- PROBLEM DETAILS:
Pictures stay out of the answer, but every line of the material must be restated exactly.

- SUPPLIED MATERIAL:

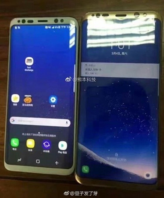 Những hình ảnh rò rỉ mới nhất cho chúng ta cái nhìn cận cảnh về chiếc Galaxy S8+ phiên bản Gold. Ngoài ra, nguồn tin cũng đăng tải thêm một bức ảnh Galaxy S8+ khi đặt cạnh Galaxy S8. Quan sát nhanh màn hình khóa chúng ta thấy ứng dụng cuộc gọi và thanh điều hướng sẽ nằm phía lề trái màn hình trong khi nút Home vật lý không xuất hiện.
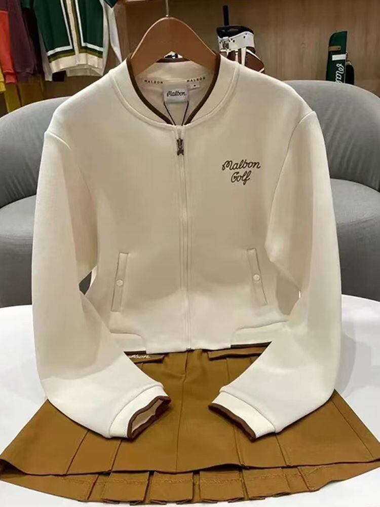 Malbon golf マルボン ゴルフ ジップアップ ジャケット レディース ゴルフウェア エアリー クロップ トップス ブラック ベージュ カーキ 3色
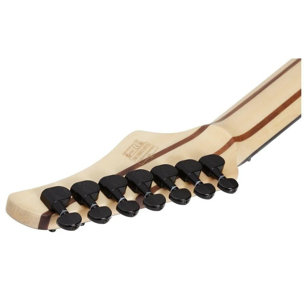 - 7-string electric guitar with sleek, sharp, and aggressive styling
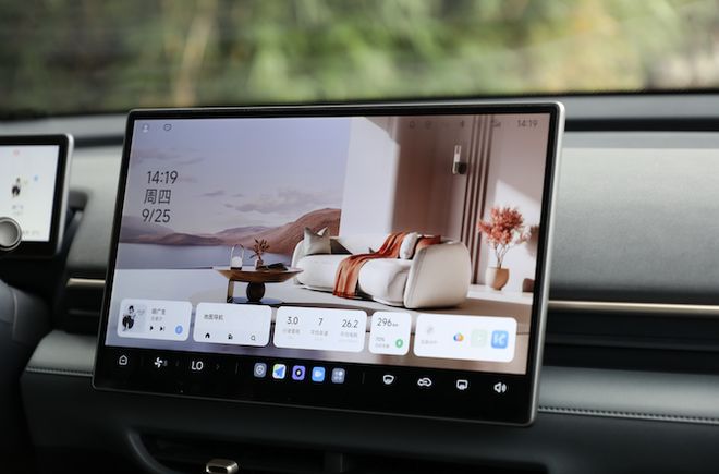 舒适配置:座舱采用Microcloud 纤维绒皮革材质,触感柔软细腻,且透气性优异 —— 实测数据显示,夏季暴晒后,该材质座椅表面温度比传统皮质低 8-10℃,避免 “烫” 尴尬。全系标配 2.34m² 全景天幕,搭配电动遮阳帘,既能让车内保持通透采光,又能隔绝 90% 以上的紫外线;后排乘客可通过独立控制面板调节天幕开关,兼顾个性化需求。此外,车内搭载 PM2.5 过滤系统与负离子发生器,可实时净化空气,过滤效率达 95% 以上,为老人、儿童营造健康的乘车环境;双区自动空调支持主副驾独立调温,进一步提升乘坐舒适度。

- EXERCISE RESULT:
 Những hình ảnh rò rỉ mới nhất cho chúng ta cái nhìn cận cảnh về chiếc Galaxy S8+ phiên bản Gold. Ngoài ra, nguồn tin cũng đăng tải thêm một bức ảnh Galaxy S8+ khi đặt cạnh Galaxy S8. Quan sát nhanh màn hình khóa chúng ta thấy ứng dụng cuộc gọi và thanh điều hướng sẽ nằm phía lề trái màn hình trong khi nút Home vật lý không xuất hiện.
 Malbon golf マルボン ゴルフ ジップアップ ジャケット レディース ゴルフウェア エアリー クロップ トップス ブラック ベージュ カーキ 3色
 - 7-string electric guitar with sleek, sharp, and aggressive styling
 舒适配置:座舱采用Microcloud 纤维绒皮革材质,触感柔软细腻,且透气性优异 —— 实测数据显示,夏季暴晒后,该材质座椅表面温度比传统皮质低 8-10℃,避免 “烫” 尴尬。全系标配 2.34m² 全景天幕,搭配电动遮阳帘,既能让车内保持通透采光,又能隔绝 90% 以上的紫外线;后排乘客可通过独立控制面板调节天幕开关,兼顾个性化需求。此外,车内搭载 PM2.5 过滤系统与负离子发生器,可实时净化空气,过滤效率达 95% 以上,为老人、儿童营造健康的乘车环境;双区自动空调支持主副驾独立调温,进一步提升乘坐舒适度。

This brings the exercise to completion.